**Provided material**
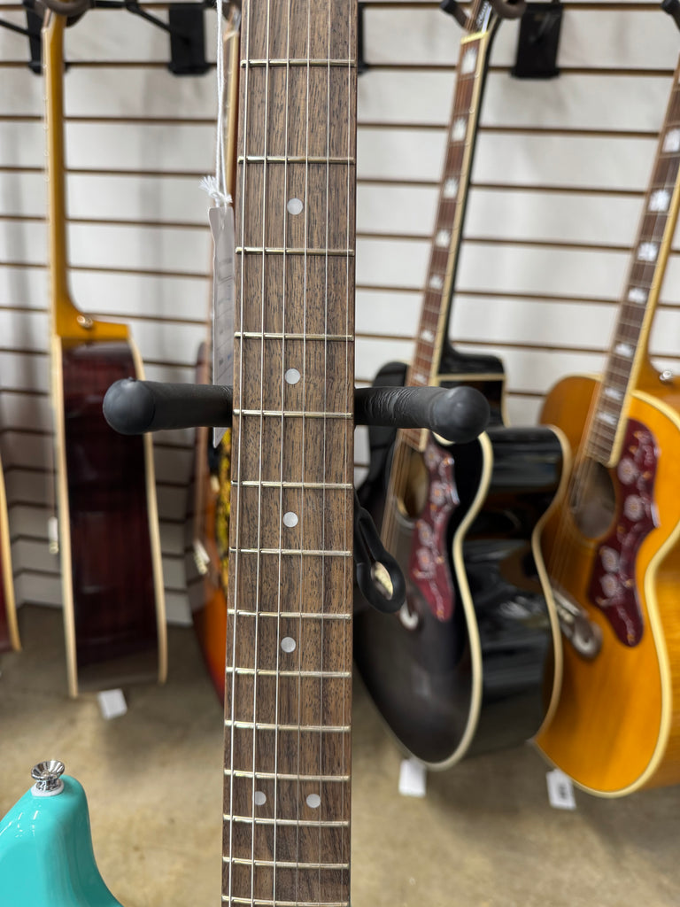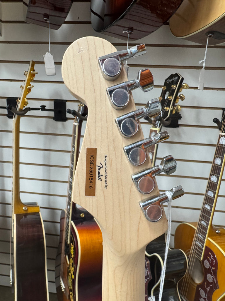 The Squier Limited Edition Sonic Stratocaster in Sea Foam Green offers vintage-inspired tone with modern playability at an accessible price point. Featuring a lightweight body and three Alnico single-coil pickups, it delivers classic Strat clarity and dynamic response. The comfortable C-shaped neck ensures smooth fretting, while its sleek finish and classic styling provide both aesthetic appeal and stage presence. This B Stock model offers exceptional value for players seeking authentic Strat sound and reliable performance.
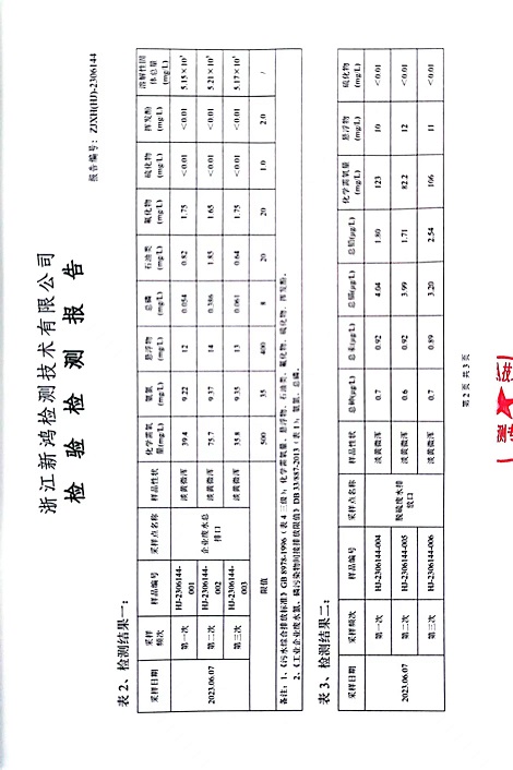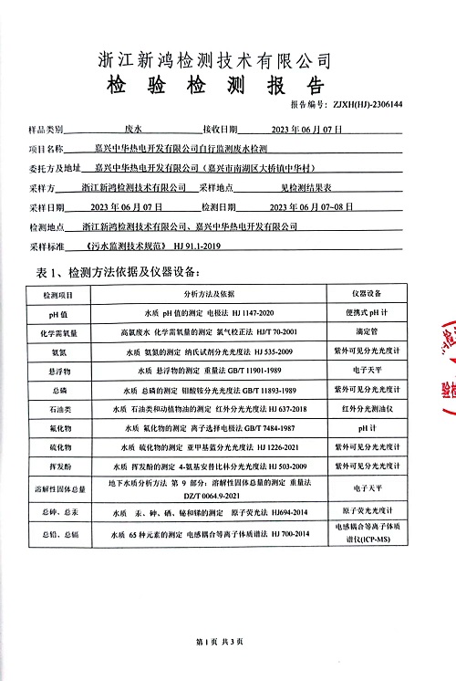 報(bào)告名稱:中華熱電2023.6月廢水檢測報(bào)告
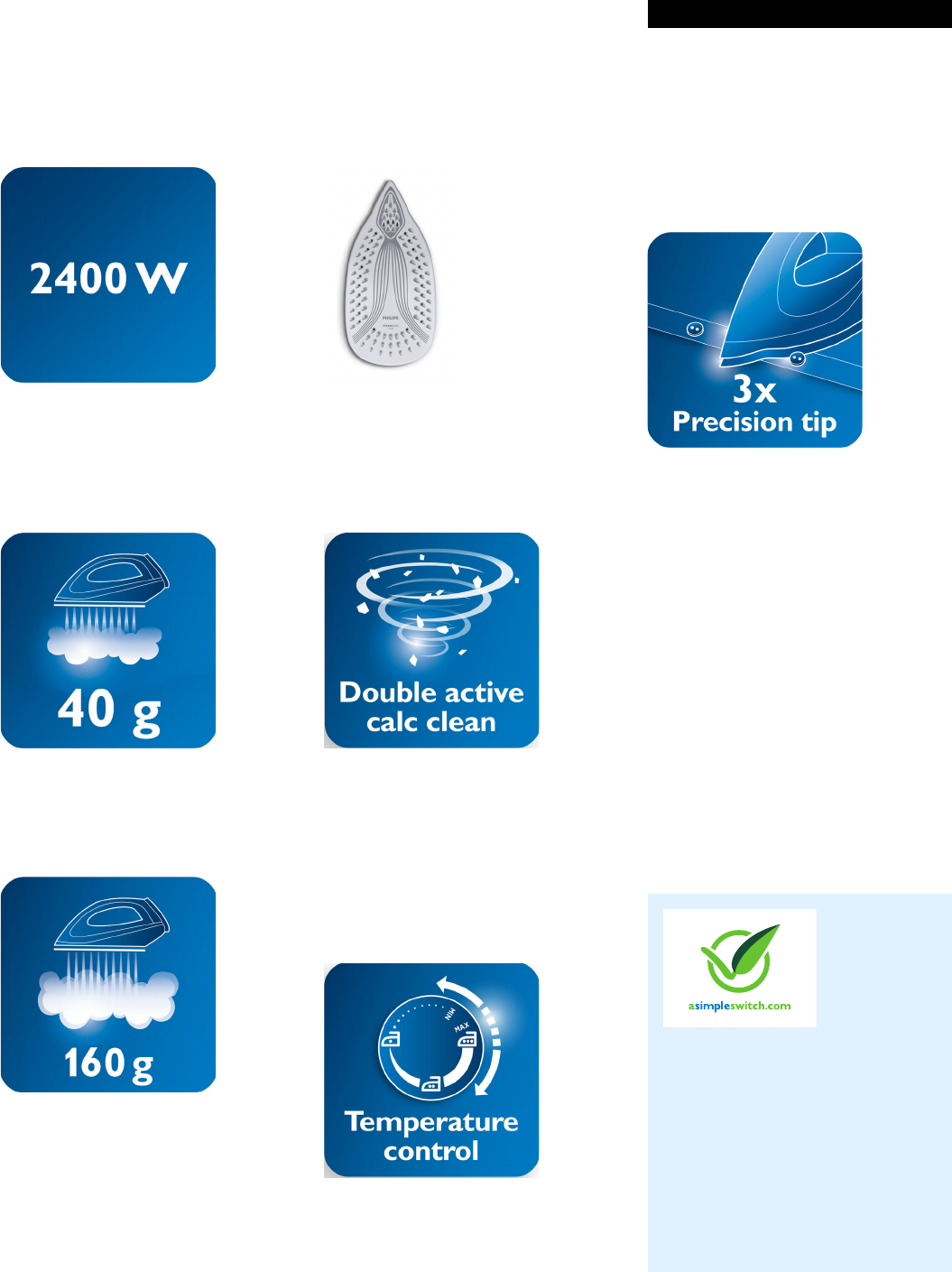 Steam 40g/min;160g steam boost SteamGlide Plus soleplate, Anti-calc, 2400 Watts
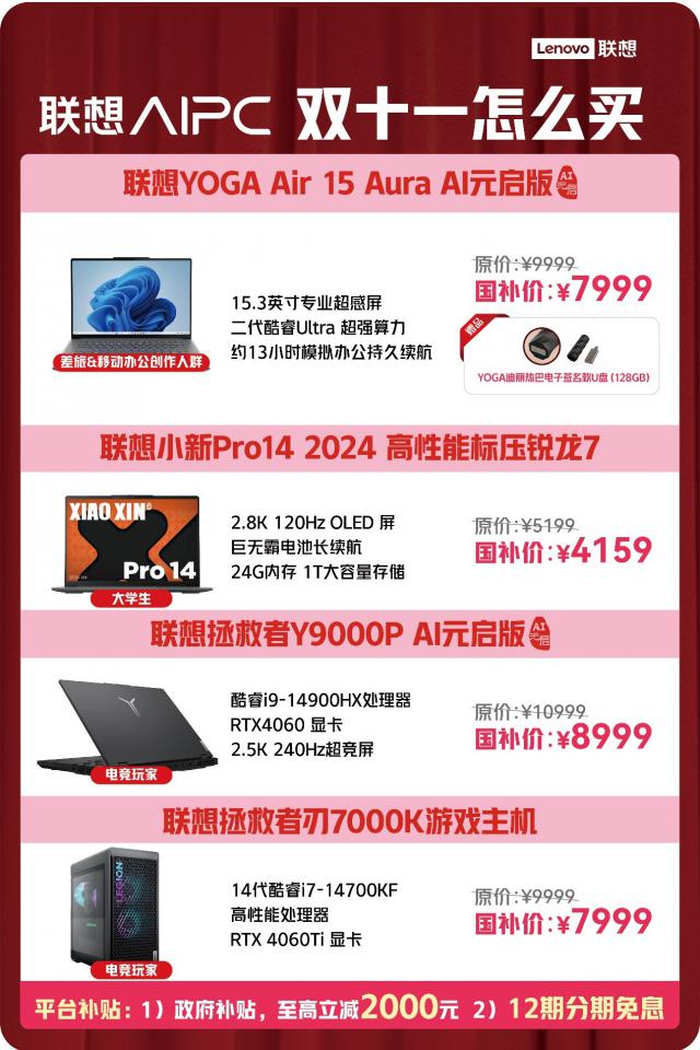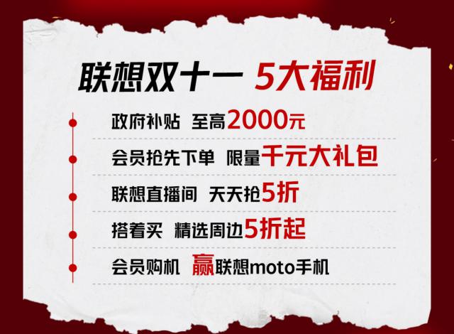 好的产品配好福利才算双十一狂欢。这一次,双十一联想带来了五大优惠,完美的产品质量和真诚的促销优惠,回馈了双十一客户,掀起了新年双十一购物狂欢的热潮。第一,国家补贴无上 2000 元,用买普通电脑的钱就能买到一台新的。 AIPC!只要你是联想会员,不仅可以先下单自己喜欢的产品,还有机会获得限量1000元的礼包和联想。 moto 手机。

**Your instructions**
Any picture found in the data is to be skipped while the rest is copied exactly.

**Response to this task**
 The Squier Limited Edition Sonic Stratocaster in Sea Foam Green offers vintage-inspired tone with modern playability at an accessible price point. Featuring a lightweight body and three Alnico single-coil pickups, it delivers classic Strat clarity and dynamic response. The comfortable C-shaped neck ensures smooth fretting, while its sleek finish and classic styling provide both aesthetic appeal and stage presence. This B Stock model offers exceptional value for players seeking authentic Strat sound and reliable performance.
 報(bào)告名稱:中華熱電2023.6月廢水檢測報(bào)告
 Steam 40g/min;160g steam boost SteamGlide Plus soleplate, Anti-calc, 2400 Watts
 好的产品配好福利才算双十一狂欢。这一次,双十一联想带来了五大优惠,完美的产品质量和真诚的促销优惠,回馈了双十一客户,掀起了新年双十一购物狂欢的热潮。第一,国家补贴无上 2000 元,用买普通电脑的钱就能买到一台新的。 AIPC!只要你是联想会员,不仅可以先下单自己喜欢的产品,还有机会获得限量1000元的礼包和联想。 moto 手机。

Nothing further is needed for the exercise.